At seven thirty that night, I rolled my black, boxy, traveling beauty case with its steel edges up Mrs. Whitney’s front walk.

As always, she had the door open and was standing in it, waiting for me before I had to heft the case up the five cement steps that sat halfway up the path and led to the short walk to her door.

“You always have the prettiest outfits,” she told me when I got close. “You even make a shirt and jeans look like it’s walkin’ down a New York City sidewalk.”

“And you always have the sweetest things to say,” I replied.

Her eyes dropped to my feet. “But I have no idea how you wear those heels, standin’ on your feet all day.”

“Practice,” I shared.

“Come in, darlin’,” she invited, moving out of my way as I pulled open her screen door. “You had dinner?”

And she always asked if I’d had dinner.

So I gave her the answer I always gave her.

“I’ll get something when I get home.”

“Got chops and mash,” she said. “They’re still warm.”

“Thanks, Mrs. W, but I eat heavy at lunch and light at dinner.”

“All right, Greta, come in, come in.” She scooted me in through her foyer but stopped us right there. “Just gonna go look in on the mister.” Her faded blue eyes caught mine. “And I’ll have to do it again after the set, darlin’.”

“I know, Mrs. W. It’s all good. I’ll go in and get set up.”

She gave me a small smile and headed up the stairs.

I headed into the kitchen.

She came in and I washed her hair while she leaned over her kitchen sink then I sat her in a chair at the table and started my work.

“So, what’s happening in Glossop that I need to know about?” she asked.

She was probably the only woman in town who didn’t know just what that was.

This was because “the mister,” her husband, was upstairs on life support and had been since he’d had a heart attack three years ago that stopped oxygen from going to his brain.

They’d revived his body.

They couldn’t revive the rest of him.

And she didn’t have the heart to pull the plug or the insurance to keep him in a hospital bed.

She also loved him so much, she refused to leave him, terrified he’d slip away when she wasn’t around. She went to the grocery store once a week.
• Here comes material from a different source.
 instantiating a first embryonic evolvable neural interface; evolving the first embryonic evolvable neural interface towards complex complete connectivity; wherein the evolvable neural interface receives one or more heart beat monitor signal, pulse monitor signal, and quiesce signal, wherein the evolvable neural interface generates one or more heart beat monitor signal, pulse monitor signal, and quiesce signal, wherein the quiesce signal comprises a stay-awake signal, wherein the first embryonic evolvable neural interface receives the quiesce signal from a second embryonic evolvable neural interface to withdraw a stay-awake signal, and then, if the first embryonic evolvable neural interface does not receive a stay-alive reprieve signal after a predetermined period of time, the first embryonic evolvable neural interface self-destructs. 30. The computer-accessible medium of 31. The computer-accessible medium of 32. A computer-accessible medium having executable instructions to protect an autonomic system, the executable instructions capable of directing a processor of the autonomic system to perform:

And Pastor Keller came to her on Sunday afternoons to pray with her.

And every two weeks, I did a wash and set.

She had other friends who visited here and there.
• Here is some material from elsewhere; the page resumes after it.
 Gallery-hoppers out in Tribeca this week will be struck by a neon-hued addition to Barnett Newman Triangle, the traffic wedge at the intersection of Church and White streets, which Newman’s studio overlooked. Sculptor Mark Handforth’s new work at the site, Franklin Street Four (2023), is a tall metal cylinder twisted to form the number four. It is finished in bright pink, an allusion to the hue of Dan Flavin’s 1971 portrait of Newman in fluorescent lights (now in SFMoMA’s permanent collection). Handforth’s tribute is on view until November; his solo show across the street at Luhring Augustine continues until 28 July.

And she had a sleeping husband who would never wake and she’d never stop taking care of him in a bed upstairs.

It was beautifully sweet. It was tremendously sad.

It was life.

I gave her the lowdown on what I knew, including my mother, not including Hixon and Hope Drake.

“I sure hope your momma doesn’t bring her trash into the House of Beauty,” she murmured when I was done.

“She will, Mrs. W. But I’m learning that’s her way and it doesn’t have to change the way I do things.”

“She did what she did to my brother that she did to yours, darlin’,” she started quietly, “don’t think I’d be givin’ her money all these years.”

I thought about the man I’d never seen upstairs and whispered, “Yes, you would.”

She thought on that a second and whispered back, “Reckon you’re right.”

I felt the need for a subject change, for both of us.

“You want, week after next, I’ll get you an appointment with Lou at the salon. You can go on in and I’ll clear my schedule to be here for the mister,” I offered, not for the first time.

“Oh, child, that’s sweet. But maybe it ain’t right to leave Burt with a stranger. I’m sure he’ll like the look a’ you, say he wakes up. But once he gets over that, he’ll still be wondering where I am.”

He wouldn’t wake up, couldn’t. His brain was more gone than Andy’s.

Yet more evidence it was futile to hope.

Even so, for the first time, I pushed, “Maybe Pastor Keller will come sit with him.”

“I don’t think so, Greta. But you’re a good girl and it sure is nice you’d offer.”